▶ **SOURCE MATERIAL**:
+--
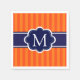 Des rayures orange modernes et élégantes avec cadre bleu marine en forme de bannière au milieu de votre monogramme personnalisé initial.
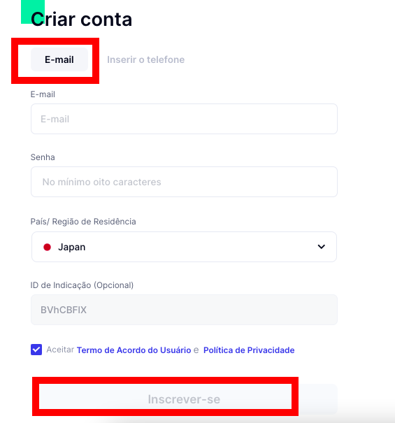 Passo 3: Forneça todas as informações necessárias (endereço de e-mail, senha de login, etc.). Certifique-se de aceitar o Contrato do Usuário. Em seguida, clique em “Inscrever-se”.
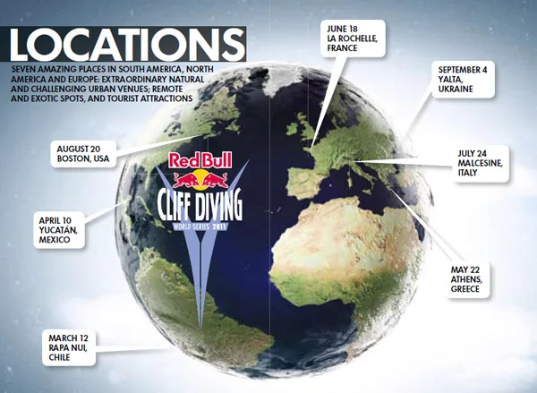Световни серии Red Bull Cliff Diving 2011 – нови участници, уникални места за провеждане на състезанията и изключителни скокове във вода от 27 м височина. Освен това за третото си поредно издание световните серии Red Bull Cliff Diving се появяват с няколко нововъведения.
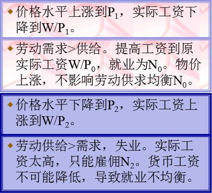 工人会对工资的下降进行抵抗,工资只能上升,不能下降。但由于货币幻觉,工人会抵抗价格水平不变下的货币工资的下降,却不会抵抗货币工资不变下价格水平的提高。
+--
▶ **ASSIGNMENT**:
Write out the listing above exactly, images omitted.

▶ **SOLUTION TO THE EXERCISE**:
 Des rayures orange modernes et élégantes avec cadre bleu marine en forme de bannière au milieu de votre monogramme personnalisé initial.
 Passo 3: Forneça todas as informações necessárias (endereço de e-mail, senha de login, etc.). Certifique-se de aceitar o Contrato do Usuário. Em seguida, clique em “Inscrever-se”.
Световни серии Red Bull Cliff Diving 2011 – нови участници, уникални места за провеждане на състезанията и изключителни скокове във вода от 27 м височина. Освен това за третото си поредно издание световните серии Red Bull Cliff Diving се появяват с няколко нововъведения.
 工人会对工资的下降进行抵抗,工资只能上升,不能下降。但由于货币幻觉,工人会抵抗价格水平不变下的货币工资的下降,却不会抵抗货币工资不变下价格水平的提高。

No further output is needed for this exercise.